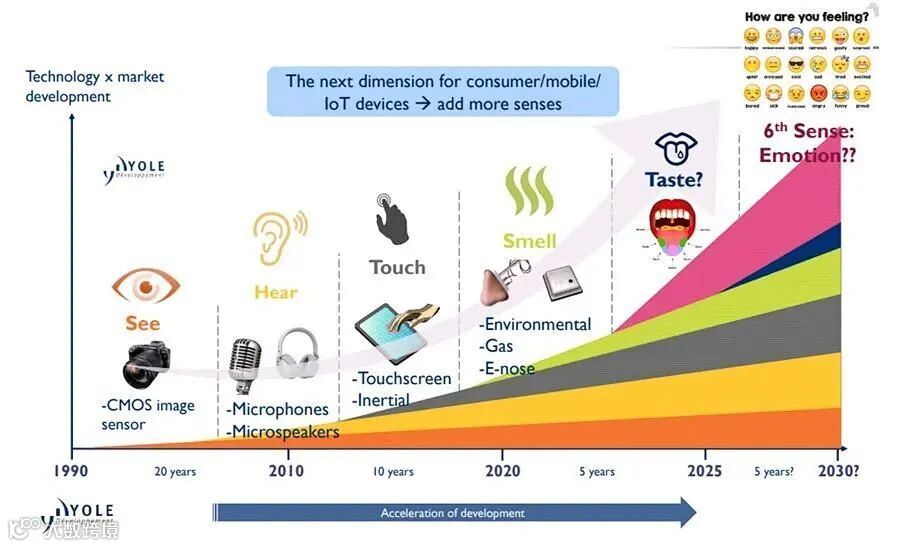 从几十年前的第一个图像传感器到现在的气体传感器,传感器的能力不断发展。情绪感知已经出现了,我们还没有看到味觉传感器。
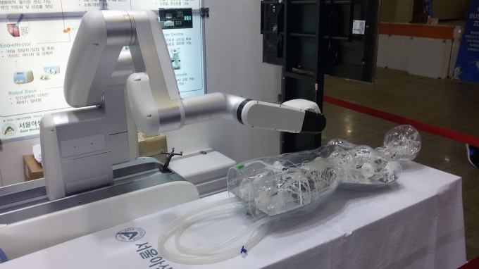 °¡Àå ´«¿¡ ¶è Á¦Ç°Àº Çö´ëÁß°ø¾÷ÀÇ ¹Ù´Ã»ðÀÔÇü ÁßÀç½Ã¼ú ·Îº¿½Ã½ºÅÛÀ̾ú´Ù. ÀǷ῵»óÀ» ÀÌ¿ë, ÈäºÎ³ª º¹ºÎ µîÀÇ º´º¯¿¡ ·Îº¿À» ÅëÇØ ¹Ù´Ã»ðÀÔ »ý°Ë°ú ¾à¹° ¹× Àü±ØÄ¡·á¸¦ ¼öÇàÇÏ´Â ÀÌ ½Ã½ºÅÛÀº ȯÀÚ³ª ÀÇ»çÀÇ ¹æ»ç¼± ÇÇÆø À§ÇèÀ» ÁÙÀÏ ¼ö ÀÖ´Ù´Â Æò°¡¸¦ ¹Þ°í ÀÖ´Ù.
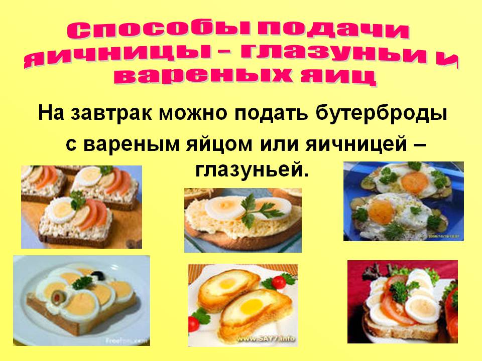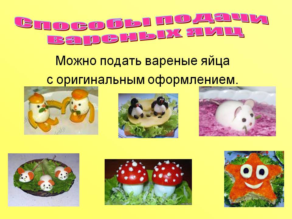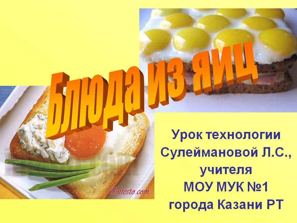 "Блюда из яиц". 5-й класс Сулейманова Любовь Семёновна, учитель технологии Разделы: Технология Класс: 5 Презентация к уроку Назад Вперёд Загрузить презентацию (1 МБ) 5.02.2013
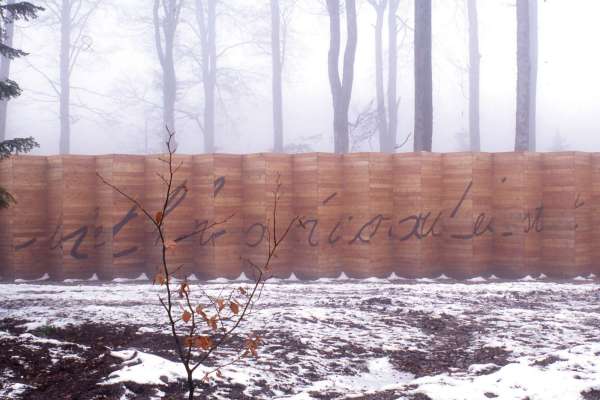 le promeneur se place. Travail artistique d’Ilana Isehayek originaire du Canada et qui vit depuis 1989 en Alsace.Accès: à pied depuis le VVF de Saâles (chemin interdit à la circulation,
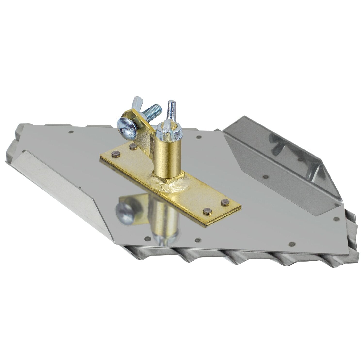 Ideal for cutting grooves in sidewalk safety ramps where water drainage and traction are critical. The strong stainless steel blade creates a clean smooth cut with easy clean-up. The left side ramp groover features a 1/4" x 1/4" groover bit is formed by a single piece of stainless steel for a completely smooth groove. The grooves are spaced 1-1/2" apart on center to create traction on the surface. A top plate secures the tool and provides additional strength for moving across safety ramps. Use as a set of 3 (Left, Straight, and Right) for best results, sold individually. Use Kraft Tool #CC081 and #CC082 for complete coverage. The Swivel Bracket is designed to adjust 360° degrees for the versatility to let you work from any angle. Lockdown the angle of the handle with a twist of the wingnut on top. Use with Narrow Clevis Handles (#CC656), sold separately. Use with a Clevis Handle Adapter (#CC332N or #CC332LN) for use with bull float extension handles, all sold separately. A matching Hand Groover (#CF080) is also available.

--------------------------------------------------

PROBLEM DETAILS =>
Word for word, output the whole listing, but not its pictures.

WRITTEN ANSWER =>
 从几十年前的第一个图像传感器到现在的气体传感器,传感器的能力不断发展。情绪感知已经出现了,我们还没有看到味觉传感器。
 °¡Àå ´«¿¡ ¶è Á¦Ç°Àº Çö´ëÁß°ø¾÷ÀÇ ¹Ù´Ã»ðÀÔÇü ÁßÀç½Ã¼ú ·Îº¿½Ã½ºÅÛÀ̾ú´Ù. ÀǷ῵»óÀ» ÀÌ¿ë, ÈäºÎ³ª º¹ºÎ µîÀÇ º´º¯¿¡ ·Îº¿À» ÅëÇØ ¹Ù´Ã»ðÀÔ »ý°Ë°ú ¾à¹° ¹× Àü±ØÄ¡·á¸¦ ¼öÇàÇÏ´Â ÀÌ ½Ã½ºÅÛÀº ȯÀÚ³ª ÀÇ»çÀÇ ¹æ»ç¼± ÇÇÆø À§ÇèÀ» ÁÙÀÏ ¼ö ÀÖ´Ù´Â Æò°¡¸¦ ¹Þ°í ÀÖ´Ù.
 "Блюда из яиц". 5-й класс Сулейманова Любовь Семёновна, учитель технологии Разделы: Технология Класс: 5 Презентация к уроку Назад Вперёд Загрузить презентацию (1 МБ) 5.02.2013
 le promeneur se place. Travail artistique d’Ilana Isehayek originaire du Canada et qui vit depuis 1989 en Alsace.Accès: à pied depuis le VVF de Saâles (chemin interdit à la circulation,
 Ideal for cutting grooves in sidewalk safety ramps where water drainage and traction are critical. The strong stainless steel blade creates a clean smooth cut with easy clean-up. The left side ramp groover features a 1/4" x 1/4" groover bit is formed by a single piece of stainless steel for a completely smooth groove. The grooves are spaced 1-1/2" apart on center to create traction on the surface. A top plate secures the tool and provides additional strength for moving across safety ramps. Use as a set of 3 (Left, Straight, and Right) for best results, sold individually. Use Kraft Tool #CC081 and #CC082 for complete coverage. The Swivel Bracket is designed to adjust 360° degrees for the versatility to let you work from any angle. Lockdown the angle of the handle with a twist of the wingnut on top. Use with Narrow Clevis Handles (#CC656), sold separately. Use with a Clevis Handle Adapter (#CC332N or #CC332LN) for use with bull float extension handles, all sold separately. A matching Hand Groover (#CF080) is also available.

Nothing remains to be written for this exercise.